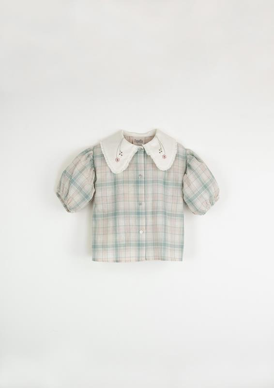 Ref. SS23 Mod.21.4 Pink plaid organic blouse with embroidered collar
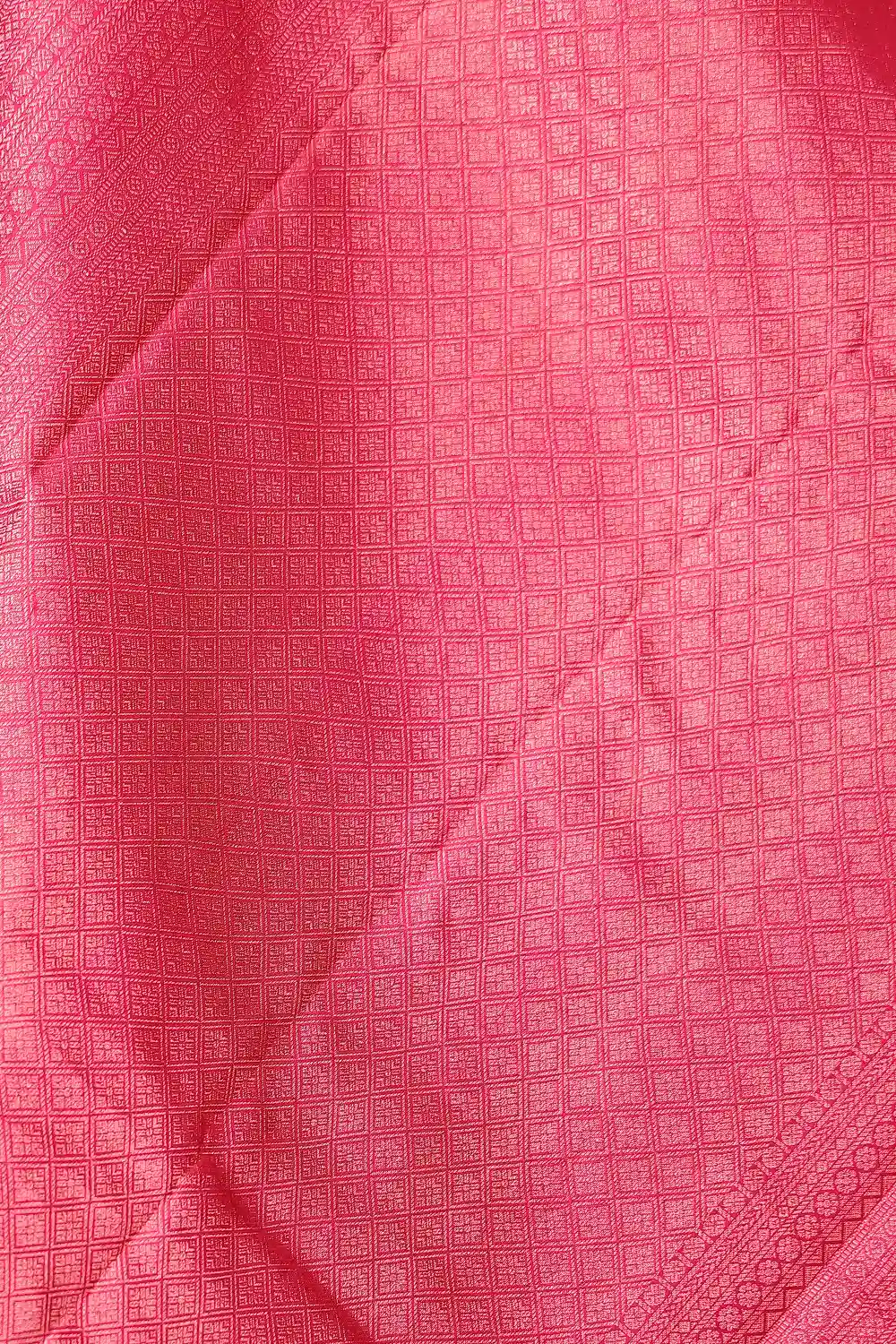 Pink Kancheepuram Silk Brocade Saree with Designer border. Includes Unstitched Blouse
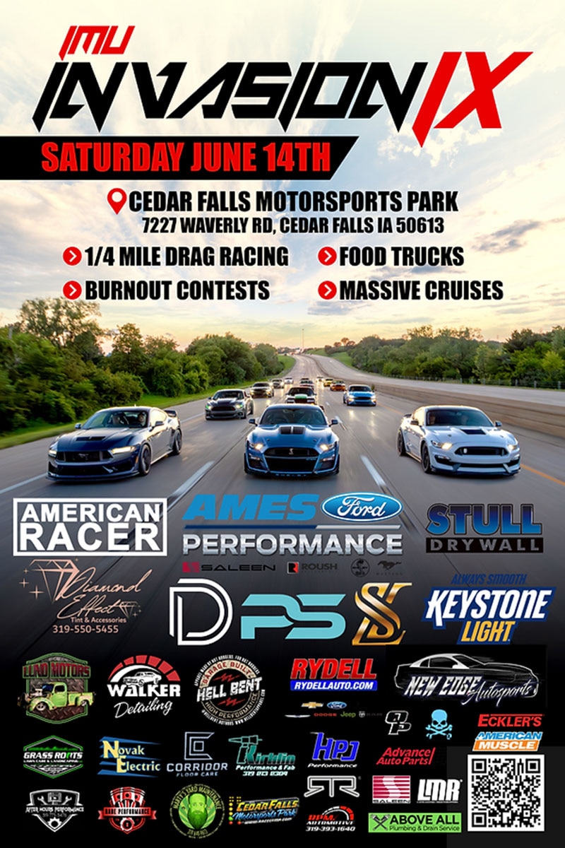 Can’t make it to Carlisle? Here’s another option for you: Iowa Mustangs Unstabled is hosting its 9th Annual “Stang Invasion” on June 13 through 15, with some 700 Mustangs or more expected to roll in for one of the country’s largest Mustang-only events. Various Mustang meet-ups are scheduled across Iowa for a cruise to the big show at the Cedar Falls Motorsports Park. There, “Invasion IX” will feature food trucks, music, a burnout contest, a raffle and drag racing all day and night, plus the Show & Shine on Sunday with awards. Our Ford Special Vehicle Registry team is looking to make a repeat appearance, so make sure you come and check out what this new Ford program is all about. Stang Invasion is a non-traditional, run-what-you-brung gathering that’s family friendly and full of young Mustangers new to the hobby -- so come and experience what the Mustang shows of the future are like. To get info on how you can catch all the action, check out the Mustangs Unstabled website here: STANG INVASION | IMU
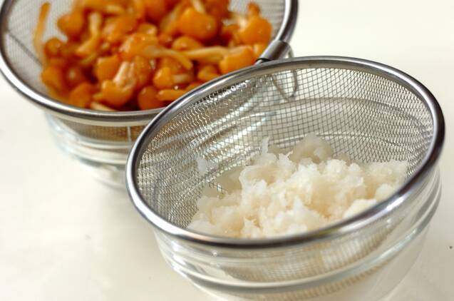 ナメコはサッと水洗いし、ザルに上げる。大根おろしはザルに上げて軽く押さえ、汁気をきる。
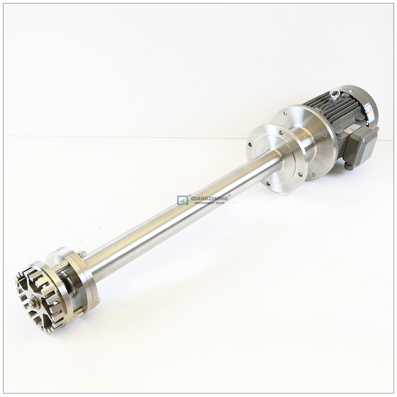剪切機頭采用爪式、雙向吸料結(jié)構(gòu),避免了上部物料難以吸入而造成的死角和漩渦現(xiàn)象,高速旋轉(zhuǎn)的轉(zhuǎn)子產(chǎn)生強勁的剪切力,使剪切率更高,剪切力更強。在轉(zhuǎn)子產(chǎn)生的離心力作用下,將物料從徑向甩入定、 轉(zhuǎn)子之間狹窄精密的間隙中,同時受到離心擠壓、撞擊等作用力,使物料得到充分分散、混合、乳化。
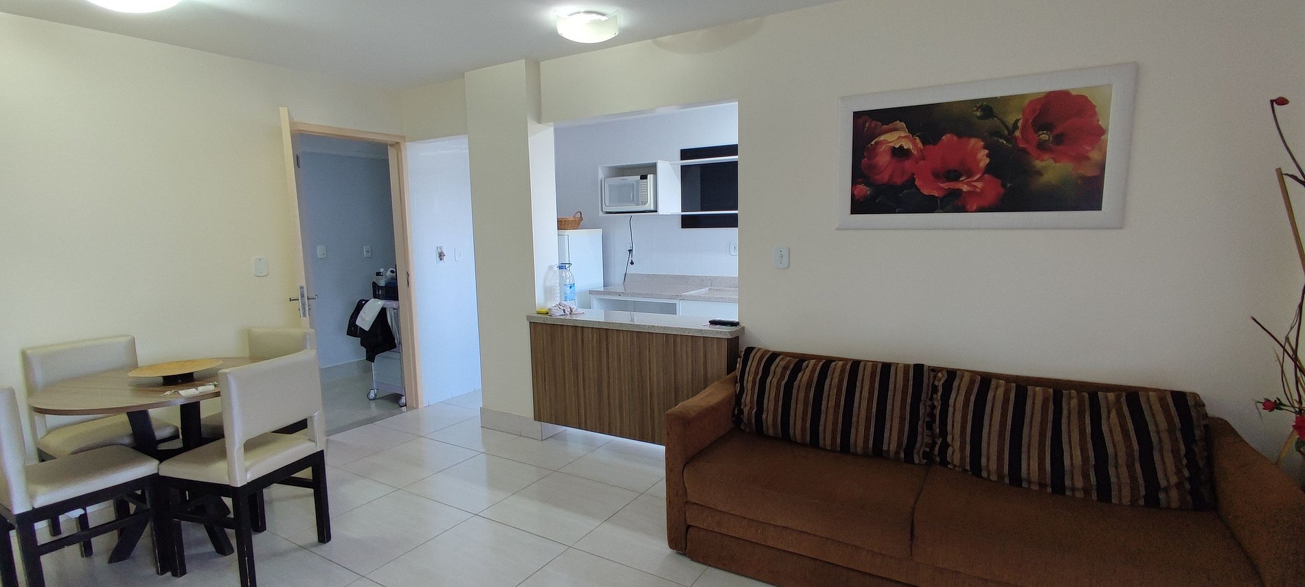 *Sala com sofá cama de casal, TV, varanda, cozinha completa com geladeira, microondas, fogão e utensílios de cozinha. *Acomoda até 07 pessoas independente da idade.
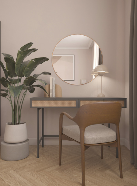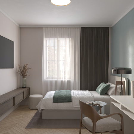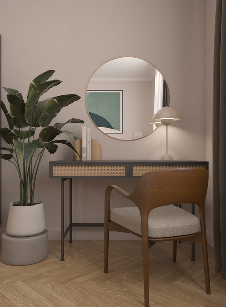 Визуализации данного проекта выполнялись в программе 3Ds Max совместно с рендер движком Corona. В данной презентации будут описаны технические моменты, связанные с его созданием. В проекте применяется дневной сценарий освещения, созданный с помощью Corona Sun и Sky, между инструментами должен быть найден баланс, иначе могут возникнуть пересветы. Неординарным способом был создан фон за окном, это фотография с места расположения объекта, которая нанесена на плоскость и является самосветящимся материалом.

◆ ◆ ◆ ◆ ◆ ◆ ◆

TASK DESCRIPTION — If a record holds a picture, leave the picture out and copy everything else exactly.

ANSWER AREA —
 Ref. SS23 Mod.21.4 Pink plaid organic blouse with embroidered collar
 Pink Kancheepuram Silk Brocade Saree with Designer border. Includes Unstitched Blouse
 Can’t make it to Carlisle? Here’s another option for you: Iowa Mustangs Unstabled is hosting its 9th Annual “Stang Invasion” on June 13 through 15, with some 700 Mustangs or more expected to roll in for one of the country’s largest Mustang-only events. Various Mustang meet-ups are scheduled across Iowa for a cruise to the big show at the Cedar Falls Motorsports Park. There, “Invasion IX” will feature food trucks, music, a burnout contest, a raffle and drag racing all day and night, plus the Show & Shine on Sunday with awards. Our Ford Special Vehicle Registry team is looking to make a repeat appearance, so make sure you come and check out what this new Ford program is all about. Stang Invasion is a non-traditional, run-what-you-brung gathering that’s family friendly and full of young Mustangers new to the hobby -- so come and experience what the Mustang shows of the future are like. To get info on how you can catch all the action, check out the Mustangs Unstabled website here: STANG INVASION | IMU
 ナメコはサッと水洗いし、ザルに上げる。大根おろしはザルに上げて軽く押さえ、汁気をきる。
剪切機頭采用爪式、雙向吸料結(jié)構(gòu),避免了上部物料難以吸入而造成的死角和漩渦現(xiàn)象,高速旋轉(zhuǎn)的轉(zhuǎn)子產(chǎn)生強勁的剪切力,使剪切率更高,剪切力更強。在轉(zhuǎn)子產(chǎn)生的離心力作用下,將物料從徑向甩入定、 轉(zhuǎn)子之間狹窄精密的間隙中,同時受到離心擠壓、撞擊等作用力,使物料得到充分分散、混合、乳化。
 *Sala com sofá cama de casal, TV, varanda, cozinha completa com geladeira, microondas, fogão e utensílios de cozinha. *Acomoda até 07 pessoas independente da idade.
 Визуализации данного проекта выполнялись в программе 3Ds Max совместно с рендер движком Corona. В данной презентации будут описаны технические моменты, связанные с его созданием. В проекте применяется дневной сценарий освещения, созданный с помощью Corona Sun и Sky, между инструментами должен быть найден баланс, иначе могут возникнуть пересветы. Неординарным способом был создан фон за окном, это фотография с места расположения объекта, которая нанесена на плоскость и является самосветящимся материалом.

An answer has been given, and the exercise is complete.